Authors: UPADHYAYA, INDU - University Of Arkansas; YIN, HSIN-BAI - University Of Connecticut; GIDDEN, JENNIFER - University Of Arkansas; LAY, JACKSON - University Of Arkansas; Donoghue, Ann - Annie; DONOGHUE, DAN - University Of Arkansas; DARRE, MICHAEL - University Of Connecticut; VENKITANARAYANAN, KUMAR - University Of Connecticut

Submitted to: Meeting Abstract
Publication Type: Abstract Only
Publication Acceptance Date: 5/15/2017
Publication Date: N/A
Citation: N/A

Interpretive Summary:

Technical Abstract: With increasing consumer demand for natural, antibiotic free poultry products, the use of plant-derived antimicrobials (PDAs) as effective antimicrobial feed additives has gained significant attention. Among the various PDAs, carvacrol (CR) from oregano and trans-cinnamaldehyde (TC) from cinnamon bark have demonstrated significant antimicrobial properties in several chicken feeding trials. However, little is known about their stability in chicken feed subjected to commercial manufacturing temperatures and storage. This study investigated the heat stability of CR and TC in chicken feed subjected to two commercial heating temperatures and storage for 2 months.

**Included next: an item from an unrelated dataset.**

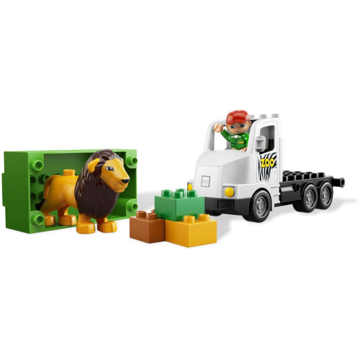 Velkého lva převážejí do nové zoo. Nalož ho do auta, naskoč do kabiny a odvez ho do jeho nového domova. Ale pozor, jeď opatrně. Nechceme, aby se lvu udělalo špatně! Obsahuje LEGO DUPLO figurku lva a DUPLO figurku ošetřovatele.

One kilogram of feed supplemented with or without (control) 0.75% CR or TC was heated at 150oF and 180oF. The heat-treated and untreated feed were stored at 25oC for 2 months. Immediately after treatment, and at 1 and 2 months of storage period, 100 gram portions of feed were analyzed for PDA content by Gas Chromatography Mass Spectrometry (GC-MS) on a Varian 450-GC coupled to a 320- MS triple quad mass spectrometer. Triplicate samples of each treatment and control were included, and data were analyzed using MS-review software. The peaks for each PDA were compared with oleic acid (endogenous control) for relative quantification. Carvacrol and TC were detected in the feed during the entire storage period. The levels of CR and TC in the feed heated at both temperatures were not affected as compared to the controls on day 0 (P>0.05). Similar results were observed at 1 and 2-month storage periods; heat-treated TC was stable at 1 and 2-month sampling points with no significant difference on storage (P>0.05). Although, CR in heat-treated and CR controls was detected by the end of 2 months, heat-treated samples on day 0 yielded greater peaks for CR when compared to 1 and 2 months of storage (P<0.05). This study suggests that PDAs, especially TC is heat stable for 2 months under commercial feed manufacturing temperatures, and could potentially be used as an effective antimicrobial additive in chicken feed.